The Reactor Core now hosts a copy of The Book of the Courtier, by Baldessar Castilio. The book was taken from the Renascence Editions website and cleaned up a bit. Pictures were taken out, the sidenotes were removed, HTML was cleaned up, and all four books were integrated into one big page.
I heard about the book from the ONE and the MANY, by Rousas John Rushdoony. I quote his review here:
Baldassare Castiglione (1478-1529), courtier, diplomat, soldier, and author, write, in The Courtier (written 1508-1516, first printed in 1528, four years before Machiavelli's The Prince), a classic statement of the ideal Renaissance man. The influence of The Courtier on European standards has been very great. Very quickly translated into English, "it became famous as the perfect guide for young members of the English Establishment practically until Edward VII's times." Castiglione himself represented the standard he taught: he "became a man of varied accomplishments, in all of which he was good but in none of which he was uncouth enough to excel." [1]

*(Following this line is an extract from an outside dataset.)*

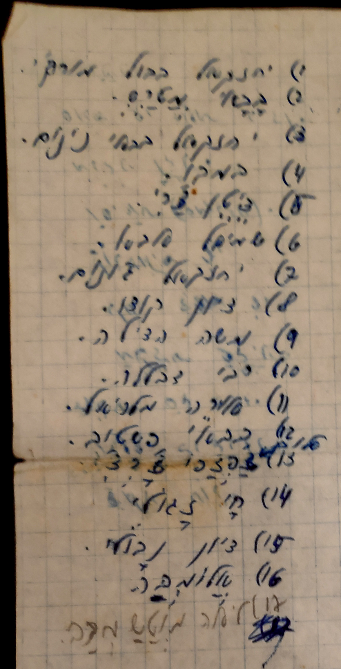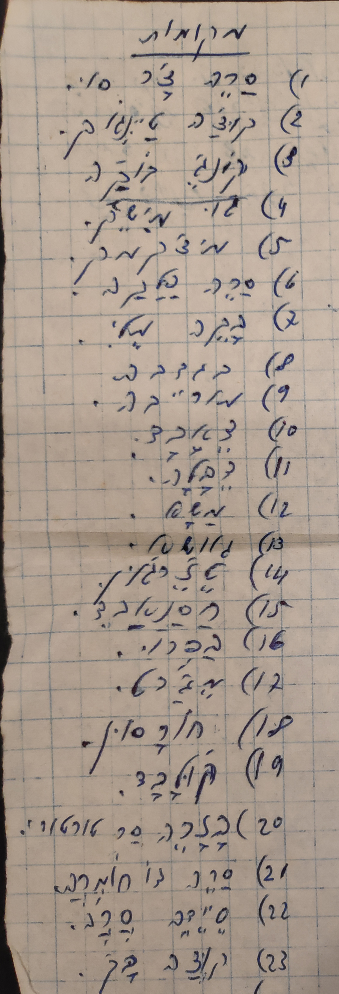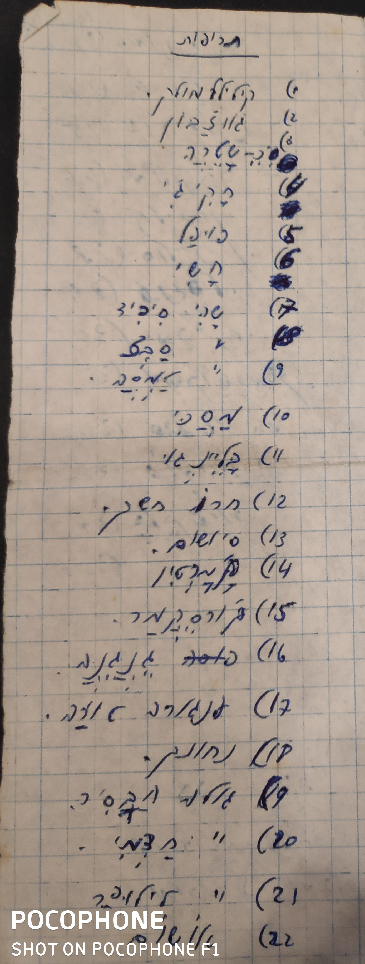 אחת הפעמים שדיברנו על שמות של יזדים, הבאתי דף ועט ואמרתי לדוד שיגיד את כל מה שהוא מכיר, שמות של יזדים, מקומות ביזד וצמחי מרפא.

Castiglione's courtier is a man of the world, urbane, sensitive, and responsive to every wind of influential opinion and observation. He is formally for all things — church, state, family, and society — but substantially he is only for himself, not in any crude, egoistic sense, but in the sense that the true universal is not to be found in religion or in the state, but in the individual man. Similarly, he shall seek in a woman, not a particular person or gross sensual satisfaction, but again a realization of a universal…
— the ONE and the MANY, by Rousas John Rushdoony (Fairfax, Virginia: Thoburn Press, 1978), p.230.
[1] Luigi Barzini: The Italians (New York: Bantam Books, 1965), p.86.
Edward VII died in 1910. This means Castiglione's manual for surviving and staying sane was used continually by the elite classes for almost four hundred years. It might be profitable to study it.